What the New Law Gets Right and Where the Real Work Begins

Artificial intelligence (AI) adoption inside the Department of War (DOW) is accelerating faster than almost any previous technology shift. AI is already embedded in intelligence analysis, logistics, cyber operations, targeting, and kinetic weapons, and its footprint is growing by the day. And while the White House and Secretary Hegseth continue to forcefully promote AI adoption, AI security has severely lagged behind. 

The FY26 National Defense Authorization Act (NDAA) meaningfully changes that trajectory.

This year’s NDAA, finally meeting approval through Congress after the government shutdown, represents the most serious congressional effort to date to treat AI not as an experimental capability, but as a first-class national security asset that must be governed, secured, and procured accordingly. We commend Congress, particularly the Armed Services Committees and their staff, for advancing pragmatic, security-focused language that builds on existing cyber and acquisition frameworks rather than reinventing the wheel. At Manifest, we were honored to inform some of these discussions by sharing lessons from the field about AI supply-chain risk, transparency, and operational security.

The result is a bill that acknowledges a hard truth: AI systems inherit all the risks of software and introduce new ones that traditional security controls were never designed to handle. The FY26 NDAA doesn’t solve every AI security problem, but it establishes a foundation that matters.

What the NDAA Actually Does and Why It Matters

The AI security provisions in the FY26 NDAA are notable not for their rhetoric, but for how concretely they integrate AI into the Department’s existing security machinery.
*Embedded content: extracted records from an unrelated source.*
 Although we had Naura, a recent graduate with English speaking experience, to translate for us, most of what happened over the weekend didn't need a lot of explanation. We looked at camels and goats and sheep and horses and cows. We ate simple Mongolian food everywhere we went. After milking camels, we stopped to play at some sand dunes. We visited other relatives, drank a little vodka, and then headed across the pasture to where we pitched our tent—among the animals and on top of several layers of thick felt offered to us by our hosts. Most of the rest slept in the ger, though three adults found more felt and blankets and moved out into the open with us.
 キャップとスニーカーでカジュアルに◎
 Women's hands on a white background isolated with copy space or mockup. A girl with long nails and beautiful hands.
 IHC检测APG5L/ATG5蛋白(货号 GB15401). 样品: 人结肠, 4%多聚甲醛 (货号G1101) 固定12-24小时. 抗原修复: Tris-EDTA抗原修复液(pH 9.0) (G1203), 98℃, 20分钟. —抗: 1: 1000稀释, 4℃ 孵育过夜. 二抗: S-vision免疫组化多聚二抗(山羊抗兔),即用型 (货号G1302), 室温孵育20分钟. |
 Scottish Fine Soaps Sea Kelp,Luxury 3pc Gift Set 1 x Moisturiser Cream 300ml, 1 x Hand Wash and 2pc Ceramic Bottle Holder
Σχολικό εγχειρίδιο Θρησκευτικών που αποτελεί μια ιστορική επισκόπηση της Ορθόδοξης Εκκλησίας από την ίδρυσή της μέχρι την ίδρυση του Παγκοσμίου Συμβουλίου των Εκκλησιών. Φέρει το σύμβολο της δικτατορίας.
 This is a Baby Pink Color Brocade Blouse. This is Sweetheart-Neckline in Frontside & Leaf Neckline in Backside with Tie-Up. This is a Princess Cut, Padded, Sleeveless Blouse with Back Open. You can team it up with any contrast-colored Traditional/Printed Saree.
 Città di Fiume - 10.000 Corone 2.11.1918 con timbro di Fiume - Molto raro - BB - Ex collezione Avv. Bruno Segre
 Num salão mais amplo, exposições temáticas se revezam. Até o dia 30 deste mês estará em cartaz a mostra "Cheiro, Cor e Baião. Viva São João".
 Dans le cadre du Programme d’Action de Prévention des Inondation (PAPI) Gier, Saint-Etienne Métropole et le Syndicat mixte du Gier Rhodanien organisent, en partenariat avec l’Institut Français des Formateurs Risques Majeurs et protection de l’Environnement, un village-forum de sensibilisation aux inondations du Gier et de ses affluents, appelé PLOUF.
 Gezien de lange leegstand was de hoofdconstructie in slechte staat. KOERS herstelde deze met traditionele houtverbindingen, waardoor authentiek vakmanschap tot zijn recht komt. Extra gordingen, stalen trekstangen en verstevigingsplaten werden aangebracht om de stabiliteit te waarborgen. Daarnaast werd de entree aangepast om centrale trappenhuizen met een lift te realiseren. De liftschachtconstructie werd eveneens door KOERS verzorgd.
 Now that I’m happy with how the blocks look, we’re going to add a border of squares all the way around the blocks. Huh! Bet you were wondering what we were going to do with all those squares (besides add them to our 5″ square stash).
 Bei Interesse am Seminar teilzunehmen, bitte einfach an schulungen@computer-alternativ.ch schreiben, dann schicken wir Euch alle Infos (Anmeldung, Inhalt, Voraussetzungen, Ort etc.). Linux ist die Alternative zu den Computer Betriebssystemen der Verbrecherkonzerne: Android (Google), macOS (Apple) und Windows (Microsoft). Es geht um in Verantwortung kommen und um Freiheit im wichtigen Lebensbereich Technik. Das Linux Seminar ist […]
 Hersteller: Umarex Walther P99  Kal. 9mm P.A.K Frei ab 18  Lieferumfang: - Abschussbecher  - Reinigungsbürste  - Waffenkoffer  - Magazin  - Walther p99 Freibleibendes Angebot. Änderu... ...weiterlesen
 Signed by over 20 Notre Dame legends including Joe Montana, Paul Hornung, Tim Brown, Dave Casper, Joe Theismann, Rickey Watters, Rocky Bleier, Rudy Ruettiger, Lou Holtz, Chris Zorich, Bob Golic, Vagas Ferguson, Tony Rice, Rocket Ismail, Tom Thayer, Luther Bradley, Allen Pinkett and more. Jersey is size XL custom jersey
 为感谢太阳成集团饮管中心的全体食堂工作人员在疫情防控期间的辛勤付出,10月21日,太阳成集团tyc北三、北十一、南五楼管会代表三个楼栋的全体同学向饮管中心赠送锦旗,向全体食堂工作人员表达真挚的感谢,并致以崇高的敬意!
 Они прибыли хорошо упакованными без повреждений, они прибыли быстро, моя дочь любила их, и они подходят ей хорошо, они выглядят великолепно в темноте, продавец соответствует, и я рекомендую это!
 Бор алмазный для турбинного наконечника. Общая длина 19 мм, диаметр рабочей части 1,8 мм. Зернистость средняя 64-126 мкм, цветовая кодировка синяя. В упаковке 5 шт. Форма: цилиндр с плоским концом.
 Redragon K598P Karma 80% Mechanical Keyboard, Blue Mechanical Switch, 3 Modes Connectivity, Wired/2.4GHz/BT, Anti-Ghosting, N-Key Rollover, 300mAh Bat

1. A Department-Wide AI Security Baseline

Section 1512 requires the DOW to develop and implement a unified policy for the cybersecurity and governance of AI and machine learning systems. Importantly, this policy is lifecycle-based: it applies from development through deployment and sustainment, not just at authorization time.

The law explicitly calls out AI-specific threats, model tampering, adversarial attacks, data leakage, prompt injection, model extraction, jailbreaks, and supply-chain compromise. This is a crucial shift. AI is no longer treated as “just software,” but as a class of systems with distinct failure modes that demand tailored defenses.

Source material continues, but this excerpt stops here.